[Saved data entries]
· · ·

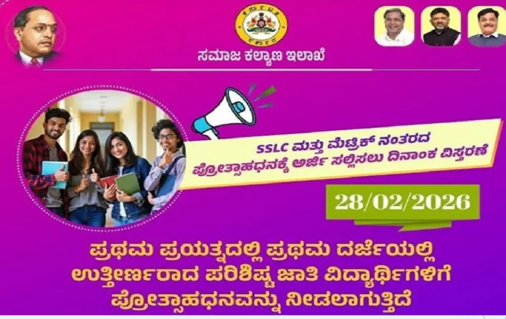 ಎಸ್ ಎಸ್ ಎಲ್ ಸಿ ಮತ್ತು ಮೆಟ್ರಿಕ್ ನಂತರದ ಪ್ರೋತ್ಸಾಹಧನಕ್ಕೆ ಅರ್ಜಿ ಸಲ್ಲಿಸಲು ದಿನಾಂಕ 28-02-2026ರವರೆಗೆ ಅವಧಿಯನ್ನು ವಿಸ್ತರಿಸಲಾಗಿದೆ. ಪರಿಶಿಷ್ಟ ಜಾತಿಯ ವಿದ್ಯಾರ್ಥಿಗಳು ಸೇವಾಸಿಂಧು ಪೋರ್ಟಲ್ ಮೂಲಕ ತಪ್ಪದೇ ಅರ್ಜಿ ಸಲ್ಲಿಸುವಂತೆ ಸಮಾಜ ಕಲ್ಯಾಣ ಇಲಾಖೆ ಕೋರಿದೆ.
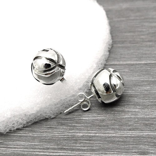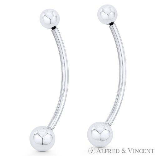 The featured earrings are cast in .925 sterling silver and showcase curved barbell designs w/ 6mm 8mm ball beads then finished with pin- -tube posts for an easy fit.
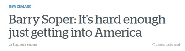 While we await further developments, was this the column that led to top Kiwi broadcaster Soper being refused egress into the land of opportunity? Not the bit when he urged Jacinda Ardern to “drop her guard” and be more open like John Key was when he talked about peeing in the shower and having had a vasectomy, but when he called President Trump “doolally”?
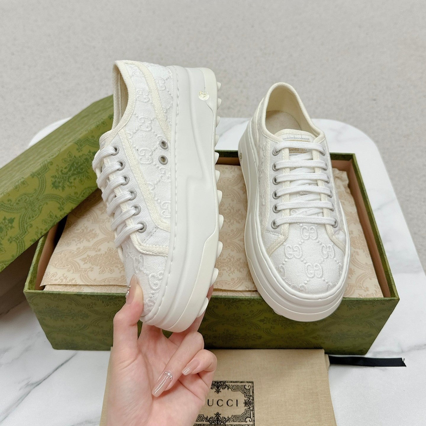 GG Low Top Sneakers 50mm White Canvas 457429
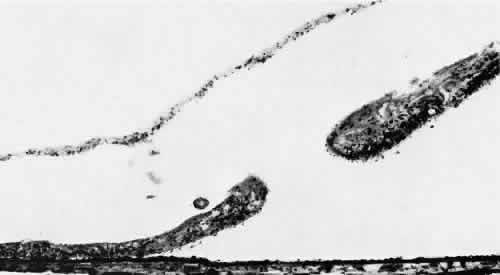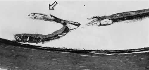 Cystic retinal tufts are present at birth; they are evident in 5% of adults, are bilateral in 6% of affected patients, and thus are detected in 2.5% of adult eyes (see Table 3). Although cystic retinal tufts show no quadrant predilection, 78% occur in the equatorial (extrabasal) zone, and 80% occur singly in eyes of affected patients. On clinical examination, cystic retinal tufts are readily visualized and are distinguishable from noncystic tufts by size and other characteristics. Cystic retinal tufts are of importance because they may be avulsed by vitreous traction, with or without posterior vitreous detachment leading to retinal tear or retinal detachment. Of patients with retinal detachment, an avulsed cystic retinal tuft is implicated in up to 7% of eyes. However, of all patients with a cystic retinal tuft, only 0.18% would develop retinal detachment due to this lesion. As such, prophylactic laser photo-coagulation for cystic retinal tuft is not recommended.35 ZONULAR-TRACTION RETINAL TUFT The zonular-traction retinal tuft always projects from the retinal surface internally and anteriorly toward the zonule (Fig. 40). Usually single and located within the vitreous base, zonular-traction retinal tufts are joined to zonular fibers at the apex; the tufts, which vary in length and thickness, are associated with a broad range of trophic and tractional alterations at the retinal end of the process. Histopathologic changes include zonular attachments at the apex, neuroglial cells within the tuft, and degeneration with retinal thinning at the base (Fig. 41). Retinal holes and tears result from the combination of trophic changes at the base and traction resulting from zonular fibers. Within the vitreous base and posterior to it, zonular-traction tufts may be associated with partial-thickness or full-thickness retinal tears that can occur in the absence of posterior vitreous detachment. Zonular-traction tufts are present at birth and detected with equal frequency in patients of all ages; they are noted in 15% of patients, are bilateral in 15% of affected people, and thus are evident in 9% of all eyes (see Table 3). These tufts are most common in the nasal quadrants, usually attached to the retina less than 0.5 mm posterior to the ora serrata and only infrequently attached to the retina posterior to the vitreous base.27,36 Clinical examination of the peripheral fundus reveals zonular-traction tufts in patients of all ages. These lesions are distinguished from noncystic and cystic retinal tufts by their greater size, sharp anterior angulation, and close proximity to the ora serrata. Zonular-traction tufts are a significant cause of small, round retinal holes in the extreme periphery of the retina. Although retinal holes within the vitreous base are considerably less likely to produce retinal detachment than holes posterior to the vitreous base, surgical aphakia or pseudophakia, which necessarily involves some form of zonular traction, is associated with an increase in the frequency of retinal detachment, which is likely to be related to small retinal breaks in the nasal periphery.36,37 PARTIAL-THICKNESS RETINAL TEAR A partial-thickness retinal tear involves the inner layers of the retina and results in a thin flap or free operculum.38 Partial-thickness retinal tears are usually multiple and are classified into two types by distribution: paravascular tears occurring adjacent to peripheral retinal vessels and vitreous base tears aligned circumferentially along a segment of the posterior border of the vitreous base. Both forms, which sometimes exist concurrently in the same eye, reflect anatomic features and mechanisms that are of practical importance in ophthalmology. Paravascular partial-thickness retinal tears stem from exaggerated vitreoretinal attachments at and immediately adjacent to peripheral arterioles and venules. These relatively firm attachments often produce multiple, discrete foci of cystic degeneration adjacent to peripheral retinal vessels. When posterior vitreous detachment occurs, the inner retinal layers at these foci of paravascular rarefaction remain attached to the vitreous, and clusters of partial-thickness retinal tears are formed. After this avulsion, microscopic studies of the retina show focal absence of the internal limiting membrane and absence of varying amounts of the inner retinal layers.39 Paravascular partial-thickness retinal tears occur in 17% of adults, are bilateral in 27% of affected patients, and thus are present in 11% of adult eyes (see Table 3). Posterior vitreous detachment is present in 100% of affected eyes. The superior quadrant is the area most commonly involved, and the tears are always located posterior to the vitreous base. On clinical examination by contact lens biomicroscopy, paravasealar retinal rarefaction is seen as a subtle irregularity of the retina adjacent to the peripheral retinal vessels. Paravascular partial-thickness retinal tears are visible as small, usually multiple retinal craters adjacent to peripheral retinal vessels. These tears assume substantial clinical significance because of the occasional association with retinal vessel avulsion and the frequent association with partial-thickness vitreous base tears and full-thickness peripheral retinal tears. Partial-thickness retinal tears also develop in association with posterior vitreous detachment as multiple flap tears aligned circumferentially along a segment of the posterior border of the vitreous base. Inner retinal layers are partially avulsed and attached to the detached vitreous body.27 Partial-thickness retinal tears at the posterior border of the vitreous base are present in 12% of adults, are bilateral in 5% of affected patients, and thus are noted in 7% of adult eyes (see Table 3). The process is equally prevalent in all quadrants, is always located at the posterior margin of the vitreous base, and is invariably associated with posterior vitreous detachment. On clinical e
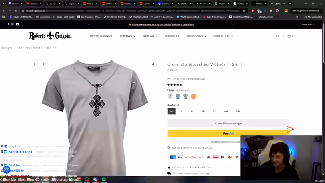 04:08:35Der Streamer bemerkt, dass Messi seinen Madden-Spieler umgehauen hat, was zu einer Diskussion über die Qualität von Madden führt. Es wird über den Namen des Gegners, 'Kopfnuss Kali', und dessen Verbindung zu 'Karl Maddox' spekuliert, wobei der Name Maddox als ungewöhnlich und nach RTL 2 klingend kritisiert wird. Die Unterhaltung schwenkt zu den Geissens, deren Hund ebenfalls Maddox heißt, und der Streamer wundert sich über das Wissen des Chats über RTL 2. Es wird auch über die Modemarke 'Uncle Sam' gesprochen, die fälschlicherweise Robert Geissini zugeschrieben wird. Die Qualität und die Preise von Robert Geissinis Marke 'Roberto Geissini' werden kritisch hinterfragt, insbesondere die hohen Preise für scheinbar einfache Kleidungsstücke und die Verfügbarkeit von extremen Größen wie 5XL. Die Diskussion über die Marke endet mit der Entdeckung einer 'Eierkocher'-Kategorie im Shop, was für Belustigung sorgt.
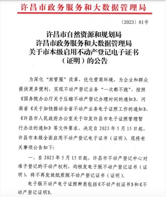 ·河南許昌:全面啟用不動(dòng)產(chǎn)登記電子證書,不再發(fā)放紙質(zhì)版證書。
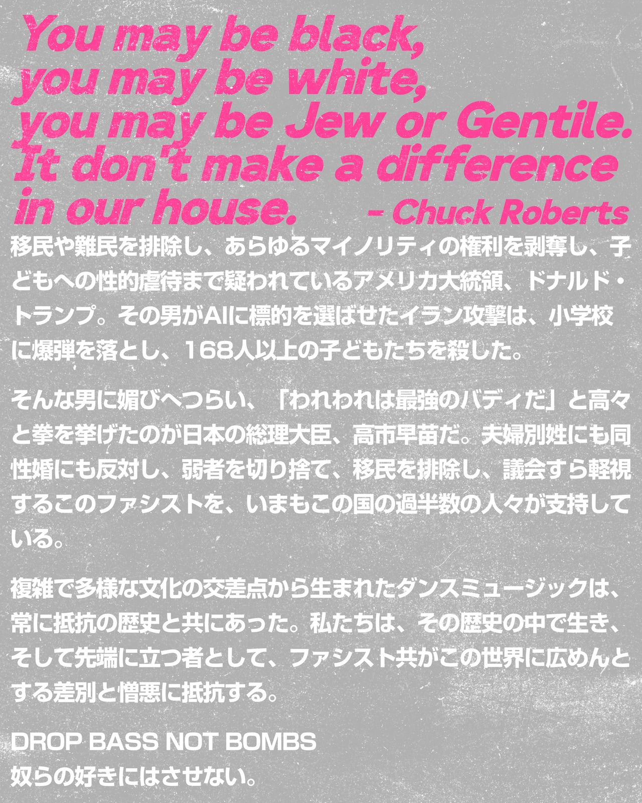 今回の告知には「BLOCK PARTY AGAINST FASCISM, RACISM, TAKAICHI AND TRUMP.」とも記されていた。ブロックパーティとは、1970年代のニューヨークで始まったもの。ブロック(街区)の路上にスピーカーを持ち出し、誰でも参加できるパーティを開く。そこに近所の人々が集まり、踊り、交流する。ブロックパーティとは路上で人々を結び付けるプラットフォームのようなものだ。ヒップホップはそこから始まった。ジャマイカのサウンドシステム文化も、その土台にある。ジャーナリスト / 作家のジェフ・チャンは鋭くもこう書いている。
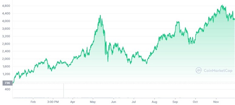 В таблице отражены все ценовые рекорды ETH в 2021 году.
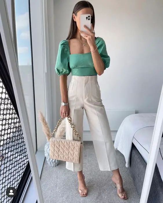 Оскільки ми підбираємо милі літні робочі костюми для жінок, укорочені штани продовжують панувати. Цей особливий стиль, який включає пастельно-зелений укорочений топ і кремові брюки з високою талією, випромінює сучасну елегантність, яку важко ігнорувати.
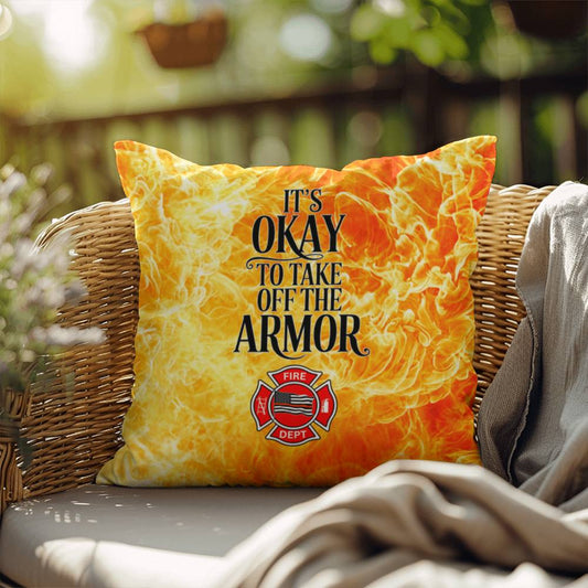 Firefighter Support Custom Indoor/Outdoor Pillow - It's Okay To Take Off The Armor, Firefighter Mental Wellness
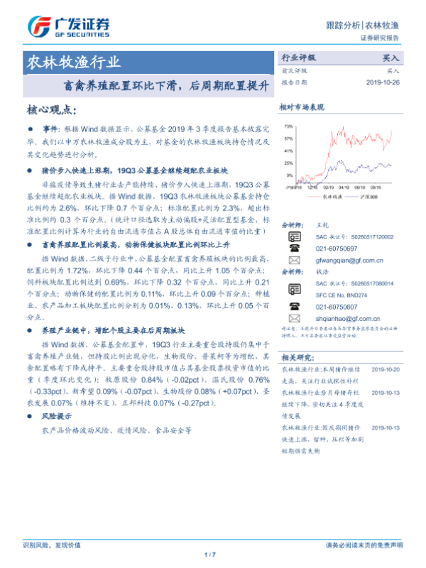 【广发证券】【20191026】农林牧渔:畜禽养殖配置环比下滑,后周期配置提升-7页
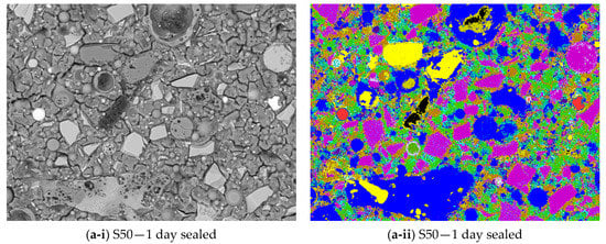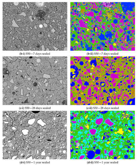 SEM-BSE images (a–f-i) of the microstructure of paste S50 at different curing periods, with mapped compound domains of different phases (a–f-ii). Image width = 250 µm.

· · ·

Problem to work on.
Leaving the pictures out, copy exactly the lines from the line that contains "Оскільки ми підбираємо" to the last line of the data, both ends included.

Completed task.
 Оскільки ми підбираємо милі літні робочі костюми для жінок, укорочені штани продовжують панувати. Цей особливий стиль, який включає пастельно-зелений укорочений топ і кремові брюки з високою талією, випромінює сучасну елегантність, яку важко ігнорувати.
 Firefighter Support Custom Indoor/Outdoor Pillow - It's Okay To Take Off The Armor, Firefighter Mental Wellness
 【广发证券】【20191026】农林牧渔:畜禽养殖配置环比下滑,后周期配置提升-7页
 SEM-BSE images (a–f-i) of the microstructure of paste S50 at different curing periods, with mapped compound domains of different phases (a–f-ii). Image width = 250 µm.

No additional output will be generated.